— Directions for this task —
Please return exactly the lines from the beginning of the listing up to and including the line with "11KN アメリカンレトロシ", with no pictures.

BEGIN

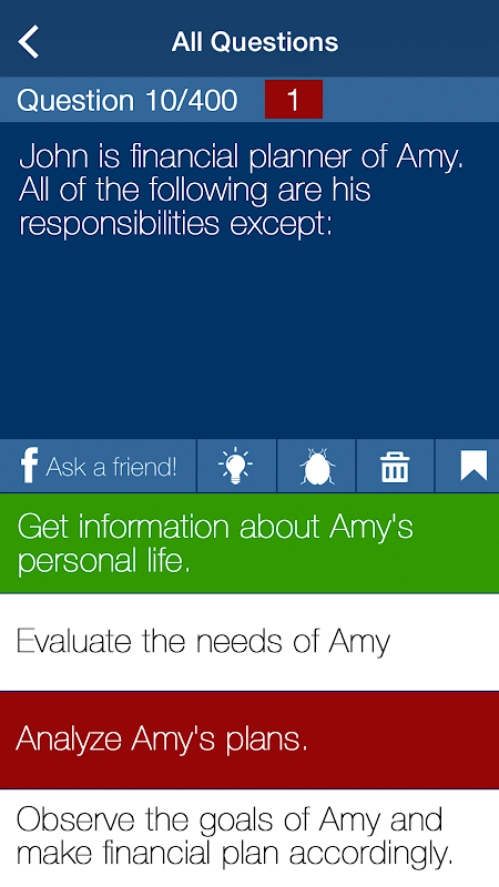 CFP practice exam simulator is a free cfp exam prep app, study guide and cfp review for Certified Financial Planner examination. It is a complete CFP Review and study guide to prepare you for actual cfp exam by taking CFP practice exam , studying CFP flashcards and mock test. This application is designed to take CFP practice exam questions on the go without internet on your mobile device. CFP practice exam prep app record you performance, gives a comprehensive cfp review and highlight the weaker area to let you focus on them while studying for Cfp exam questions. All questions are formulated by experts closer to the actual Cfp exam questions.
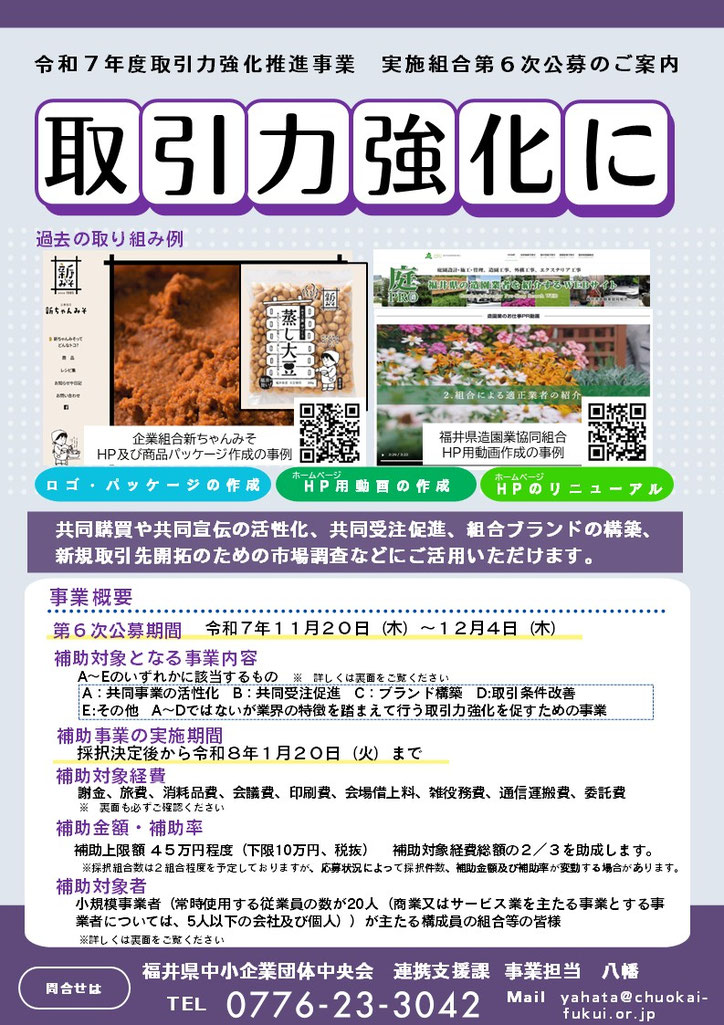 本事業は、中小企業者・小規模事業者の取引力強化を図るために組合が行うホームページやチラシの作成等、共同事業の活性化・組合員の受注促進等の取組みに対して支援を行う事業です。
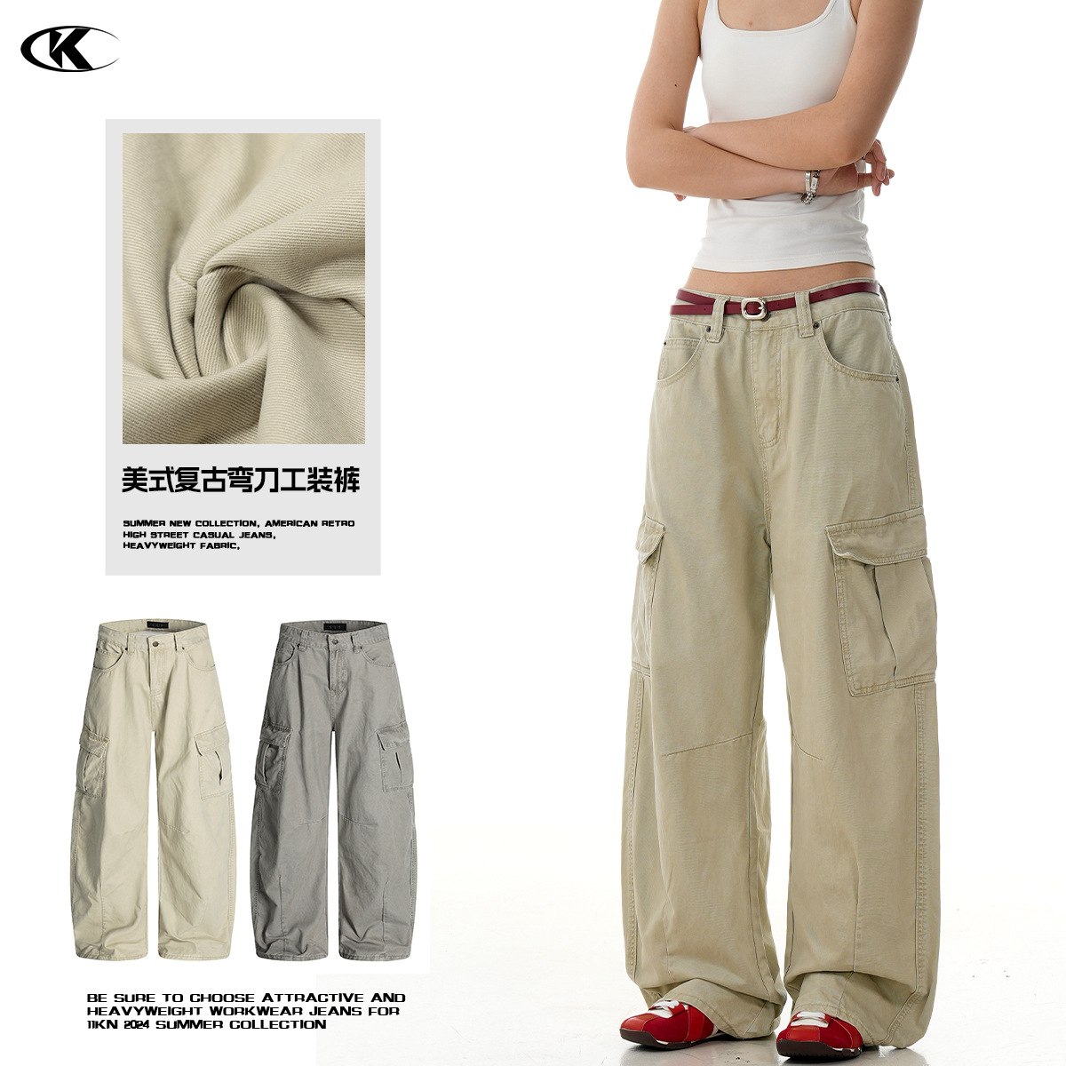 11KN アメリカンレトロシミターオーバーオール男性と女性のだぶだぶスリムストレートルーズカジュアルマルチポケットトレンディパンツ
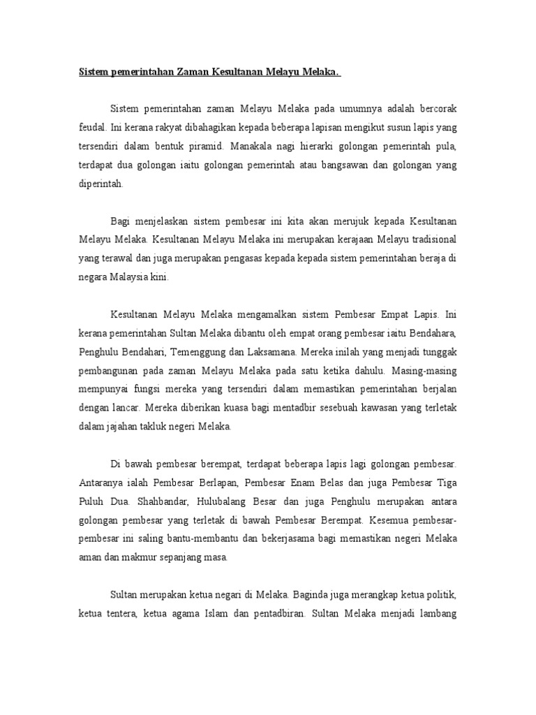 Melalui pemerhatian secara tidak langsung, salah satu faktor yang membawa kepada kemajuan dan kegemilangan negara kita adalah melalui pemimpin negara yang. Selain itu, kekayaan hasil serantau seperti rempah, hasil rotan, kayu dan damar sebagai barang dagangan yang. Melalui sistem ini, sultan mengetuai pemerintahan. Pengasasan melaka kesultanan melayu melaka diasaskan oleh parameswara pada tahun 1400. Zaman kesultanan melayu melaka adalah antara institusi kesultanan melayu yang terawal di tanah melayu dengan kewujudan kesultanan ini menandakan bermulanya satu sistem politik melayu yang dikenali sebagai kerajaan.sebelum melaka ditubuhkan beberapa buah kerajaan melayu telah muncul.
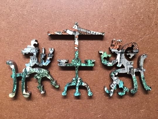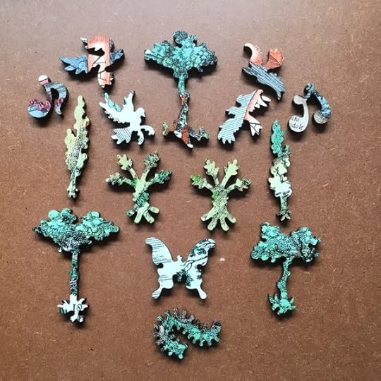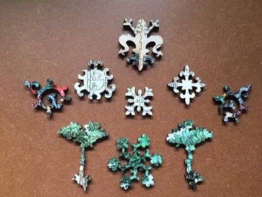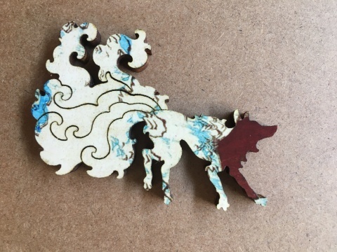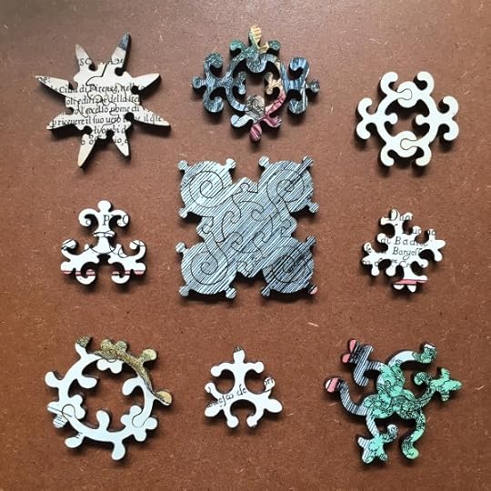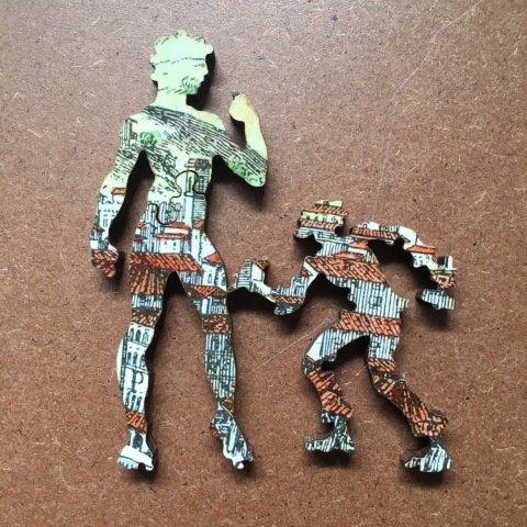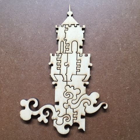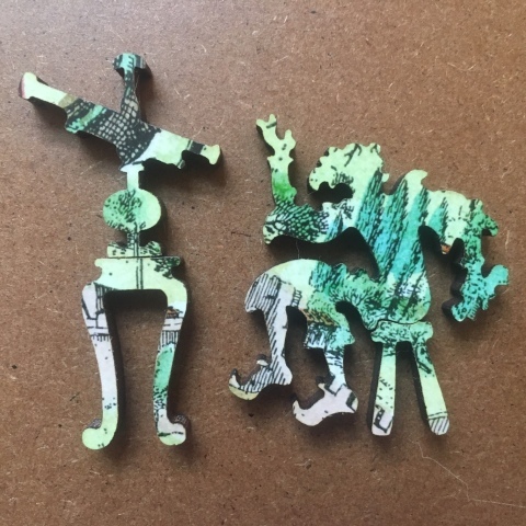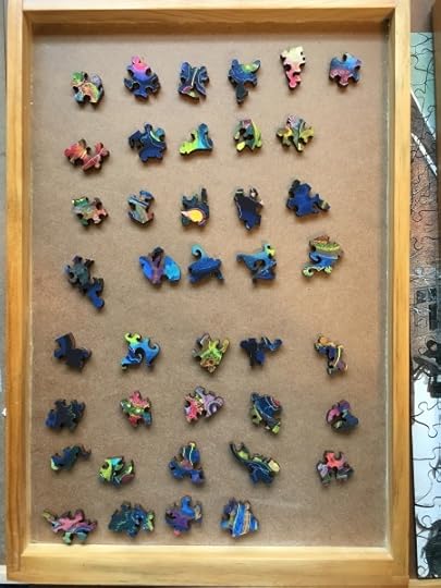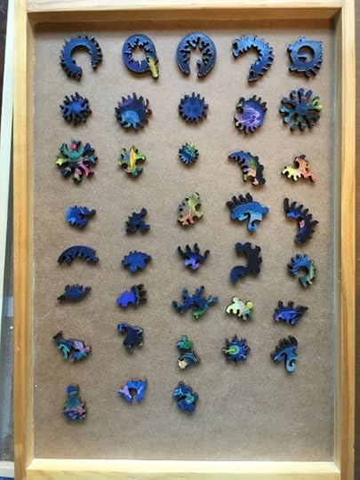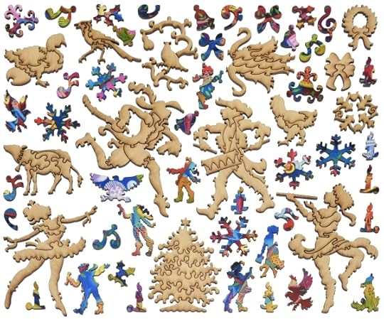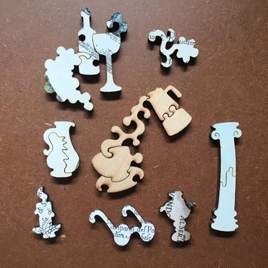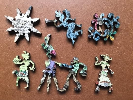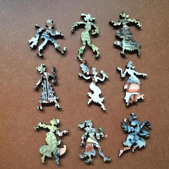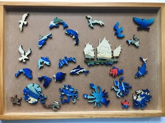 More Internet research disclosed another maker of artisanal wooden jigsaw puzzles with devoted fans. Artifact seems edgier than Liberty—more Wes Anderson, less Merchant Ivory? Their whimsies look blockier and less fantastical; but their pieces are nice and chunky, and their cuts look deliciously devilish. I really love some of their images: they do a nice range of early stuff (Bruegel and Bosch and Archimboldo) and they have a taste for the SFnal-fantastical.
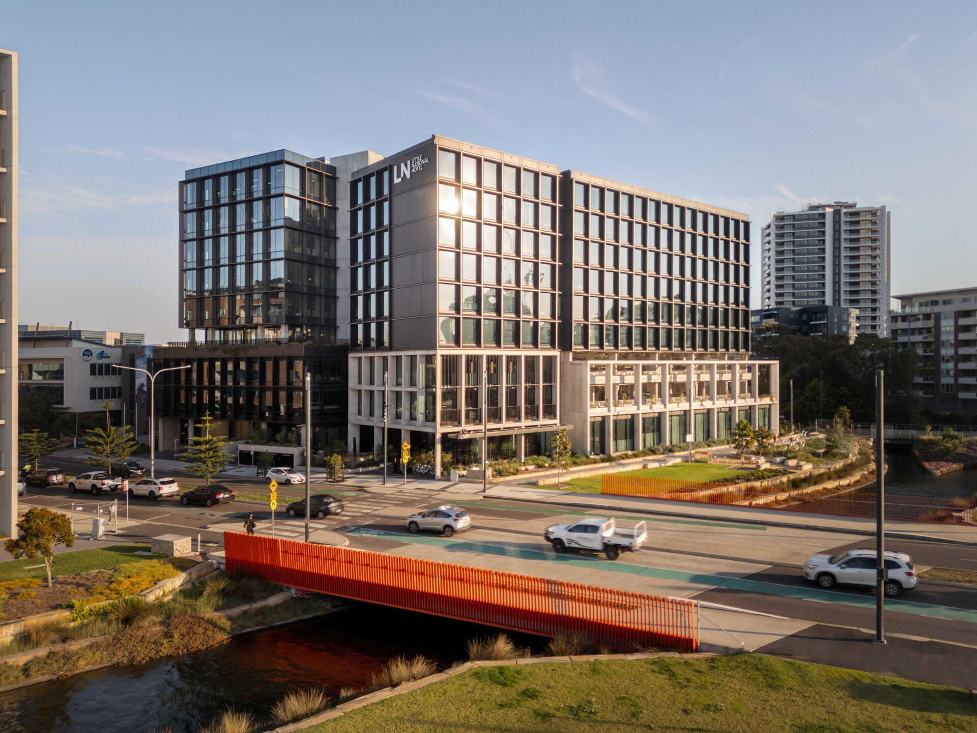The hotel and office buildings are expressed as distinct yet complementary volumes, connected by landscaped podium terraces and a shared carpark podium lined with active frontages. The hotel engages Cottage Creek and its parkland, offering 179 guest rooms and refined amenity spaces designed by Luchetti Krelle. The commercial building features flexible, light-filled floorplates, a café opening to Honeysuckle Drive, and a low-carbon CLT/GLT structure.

END

— Response box —
 CFP practice exam simulator is a free cfp exam prep app, study guide and cfp review for Certified Financial Planner examination. It is a complete CFP Review and study guide to prepare you for actual cfp exam by taking CFP practice exam , studying CFP flashcards and mock test. This application is designed to take CFP practice exam questions on the go without internet on your mobile device. CFP practice exam prep app record you performance, gives a comprehensive cfp review and highlight the weaker area to let you focus on them while studying for Cfp exam questions. All questions are formulated by experts closer to the actual Cfp exam questions.
 本事業は、中小企業者・小規模事業者の取引力強化を図るために組合が行うホームページやチラシの作成等、共同事業の活性化・組合員の受注促進等の取組みに対して支援を行う事業です。
 11KN アメリカンレトロシミターオーバーオール男性と女性のだぶだぶスリムストレートルーズカジュアルマルチポケットトレンディパンツ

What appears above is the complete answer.